• **Problem requirements**: What you need to produce from the material below is an exact transcription of the lines from the one with "結婚式の二次会 キレイなブルーのワンピースにアップヘア" through the one with "Men’s semi fitted", both included, and no other line.

• **Records provided**:
***
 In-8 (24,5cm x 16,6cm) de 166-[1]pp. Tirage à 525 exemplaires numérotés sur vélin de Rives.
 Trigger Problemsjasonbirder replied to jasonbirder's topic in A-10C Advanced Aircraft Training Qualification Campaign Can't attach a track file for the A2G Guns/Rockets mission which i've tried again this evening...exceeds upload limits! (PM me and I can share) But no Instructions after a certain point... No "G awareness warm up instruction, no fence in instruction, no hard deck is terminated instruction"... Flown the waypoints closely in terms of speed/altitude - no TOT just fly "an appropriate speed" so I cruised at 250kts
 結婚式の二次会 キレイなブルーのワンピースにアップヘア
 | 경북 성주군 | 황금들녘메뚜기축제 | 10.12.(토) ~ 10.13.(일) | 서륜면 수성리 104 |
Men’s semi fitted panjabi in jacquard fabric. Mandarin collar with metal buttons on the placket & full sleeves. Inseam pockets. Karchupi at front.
***
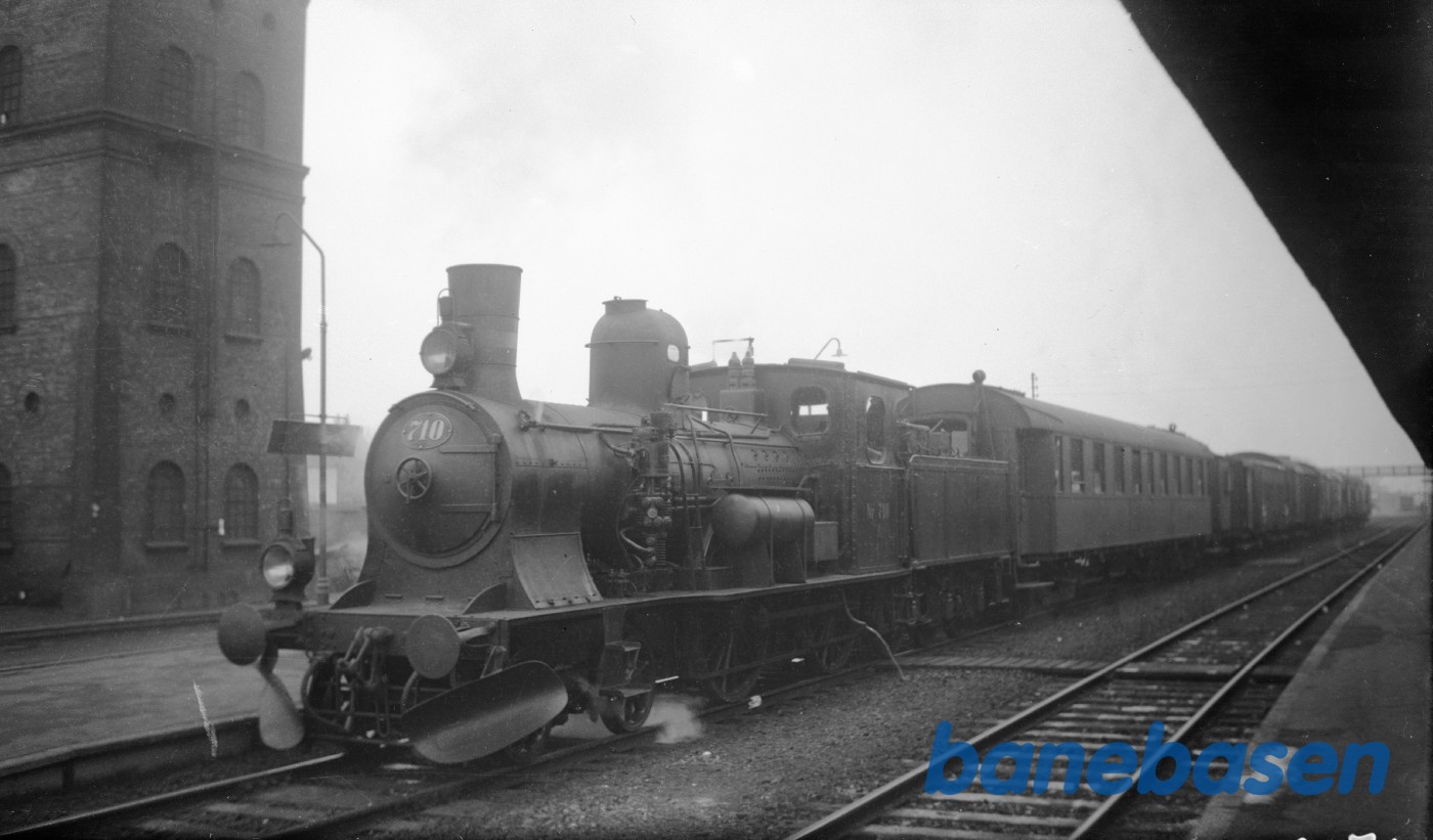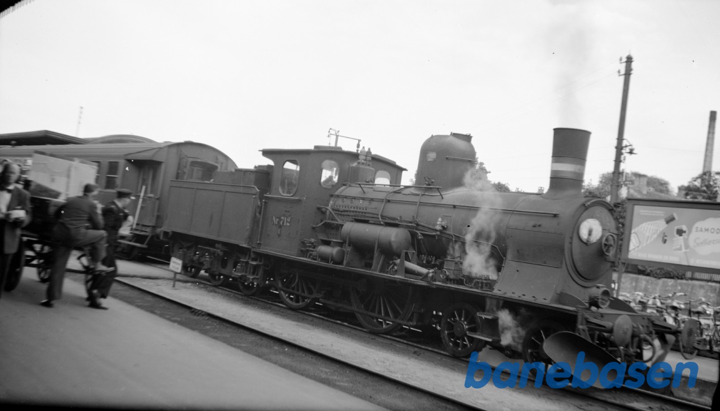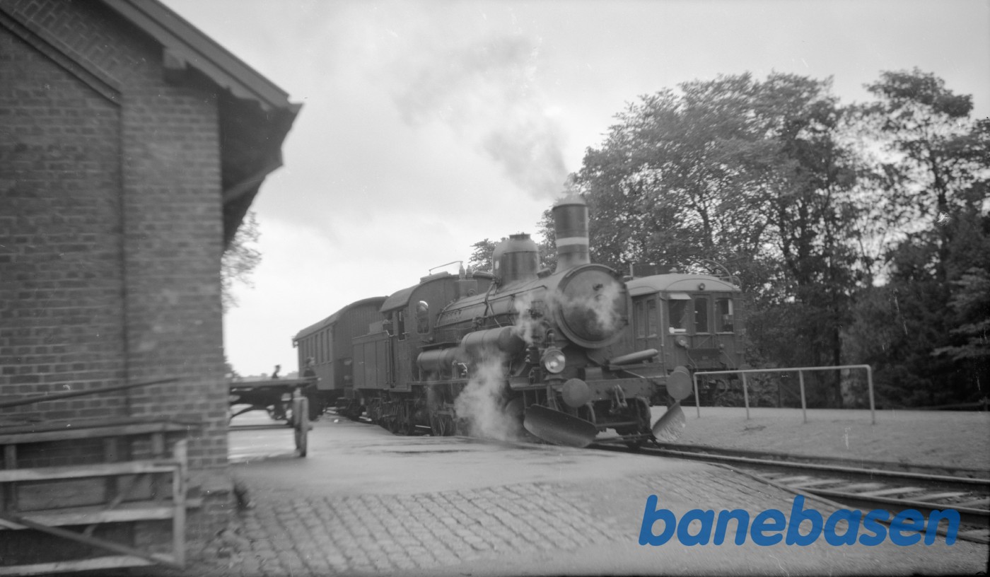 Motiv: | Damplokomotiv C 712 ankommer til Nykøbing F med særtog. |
***
• **Result**:
 結婚式の二次会 キレイなブルーのワンピースにアップヘア
 | 경북 성주군 | 황금들녘메뚜기축제 | 10.12.(토) ~ 10.13.(일) | 서륜면 수성리 104 |
Men’s semi fitted panjabi in jacquard fabric. Mandarin collar with metal buttons on the placket & full sleeves. Inseam pockets. Karchupi at front.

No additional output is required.